My dog's name is Willie.
My dog is 6 years old.

For my_dog = Dog('Willie', 6), we tell Python to create a dog whose name is 'Willie' and whose age is 6. When Python reads this line, it calls the __init__() method in Dog with the arguments 'Willie' and 6. The __init__() method creates an instance representing this particular dog and sets the name and age attributes using the provided values. Python then returns an instance representing this dog. We assign that instance to the variable my_dog. The naming convention is helpful here: we can usually assume that a capitalized name like Dog refers to a class, and a lowercase name like my_dog refers to a single instance created from a class.

We can use dot notation to access the attributes of an instance, otherwise:

my_dog.name, my_dog.age

('Willie', 6)

Parentheses are not needed when accessing attributes:

my_dog.name(), my_dog.age()

---------------------------------------------------------------------------
TypeError                                 Traceback (most recent call last)
Cell In[22], line 1
----> 1 my_dog.name(), my_dog.age()

TypeError: 'str' object is not callable

and call the methods defined in the Dog class:

my_dog.sit()
my_dog.roll_over()

Willie is now sitting.
Willie rolled over!

Parentheses are necessary when calling methods even if there is no argument to pass, otherwise:

my_dog.sit, my_dog.roll_over

(<bound method Dog.sit of <__main__.Dog object at 0x000001987EFC46D0>>,
 <bound method Dog.roll_over of <__main__.Dog object at 0x000001987EFC46D0>>)

Three ways to modify attribute values

We can change an attribute’s value in three ways: change the value directly through an instance, set the value through a method, or increment the value (add a certain amount to it) through a method. Take a Car class as an example as follows.

(1) Modify an attribute’s value directly

The simplest way to modify the value of an attribute is to access the attribute directly through an instance.

 class Car:
    """A simple attempt to represent a car."""

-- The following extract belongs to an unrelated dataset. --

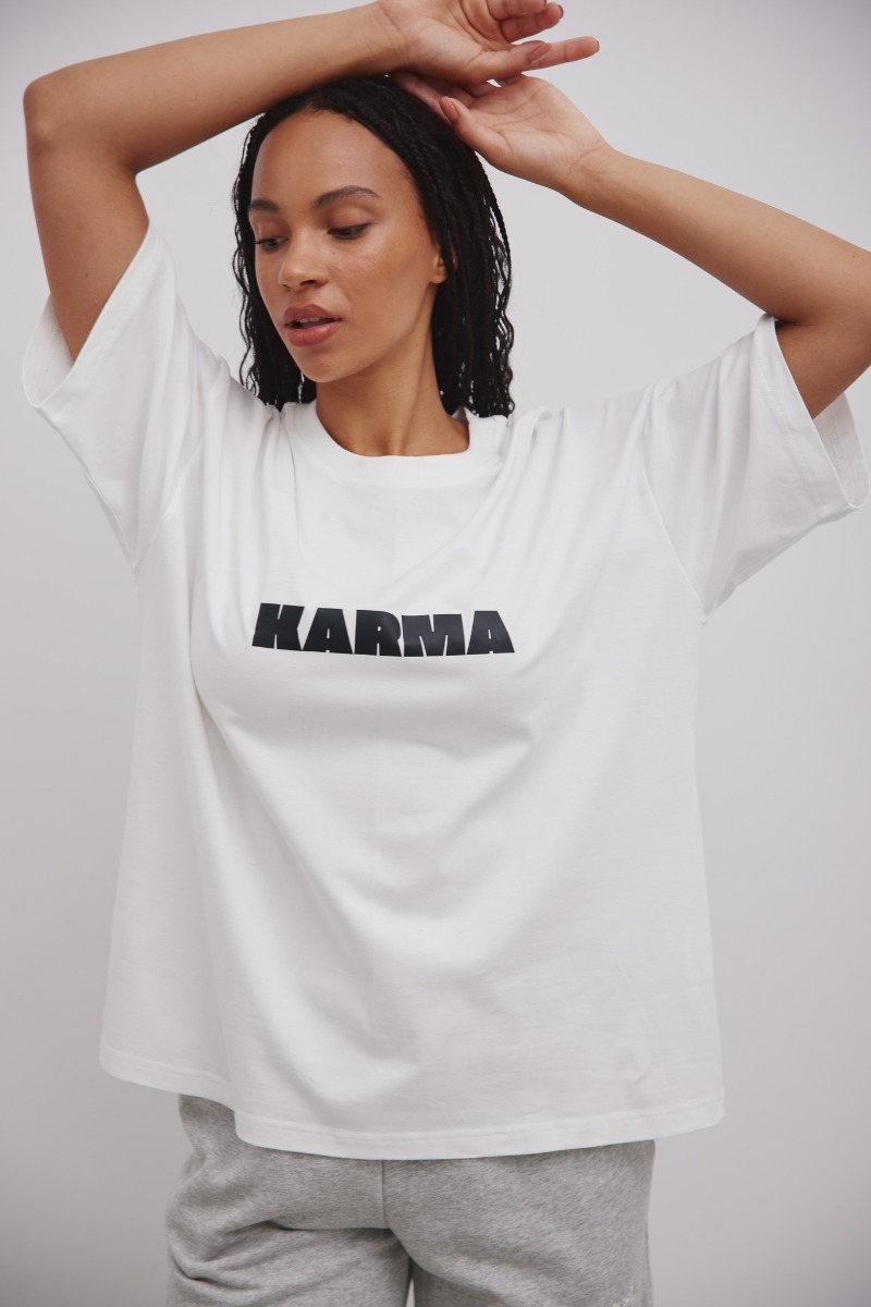 Klasyczny t shirt w kolorze ecru, z nadrukiem w kolorze czarnym . Fason o prostym, pudełkowym kroju ze znacznie obniżoną linią ramion. Rękaw szeroki, przedłużony. Dekolt niewielki, okrągły . Luźna, inspirowana męską garderobą koszulka, która pasuje niemalże do każdego typu sylwetki - świetnie tuszuje wszelkie niedoskonałości i daje możliwość noszenia zarówno w luźnej formie, jak i delikatnie wpuszczonej do spodni, czy spodenek. Gwarantuje komfort i stylowy wygląd. Przód koszulki posiada nadruk w kolorze czarnym z hasłem KARMA. Skład: 95% Bawełna , 5% Elastan ZALECANA PIELĘGNACJA:

    def __init__(self, make, model, year):
        """Initialize attributes to describe a car."""
        self.make = make
        self.model = model
        self.year = year
        self.odometer_reading = 0 # Set a default value for an attribute; assigned a default value

    def get_descriptive_name(self):
        """Return a neatly formatted descriptive name."""
        long_name = f"{self.year} {self.make} {self.model}"
        return long_name.title()

    def read_odometer(self):
        """Print a statement showing the car's mileage."""
        print(f"This car has {self.odometer_reading} miles on it.")
    
my_new_car = Car('audi', 'a4', 2019)
print(my_new_car.get_descriptive_name())
my_new_car.read_odometer()

my_new_car.odometer_reading = 23
my_new_car.read_odometer()

2019 Audi A4
This car has 0 miles on it.
This car has 23 miles on it.

(2) Modify an attribute’s value through a method

Instead of accessing the attribute directly, we can pass the new value to a method that handles the updating internally.

 class Car:
    """A simple attempt to represent a car."""

    def __init__(self, make, model, year):
        """Initialize attributes to describe a car."""
        self.make = make
        self.model = model
        self.year = year
        self.odometer_reading = 0

    def get_descriptive_name(self):
        """Return a neatly formatted descriptive name."""
        long_name = f"{self.year} {self.make} {self.model}"
        return long_name.title()

    def read_odometer(self):
        """Print a statement showing the car's mileage."""
        print(f"This car has {self.odometer_reading} miles on it.")

    def update_odometer(self, mileage):
        """
        Set the odometer reading to the given value.
        Reject the change if it attempts to roll the odometer back.
        """
        if mileage >= self.odometer_reading:
            self.odometer_reading = mileage
        else:
            print("You can't roll back an odometer!")

my_new_car = Car('audi', 'a4', 2019)
print(my_new_car.get_descriptive_name())

my_new_car.update_odometer(23)
my_new_car.read_odometer()

my_new_car.update_odometer(21)
my_new_car.read_odometer()

2019 Audi A4
This car has 23 miles on it.
You can't roll back an odometer!
This car has 23 miles on it.

(3) Increment an attribute’s value through a method

Sometimes we want to increment an attribute’s value by a certain amount rather than set an entirely new value.

 class Car:
    """A simple attempt to represent a car."""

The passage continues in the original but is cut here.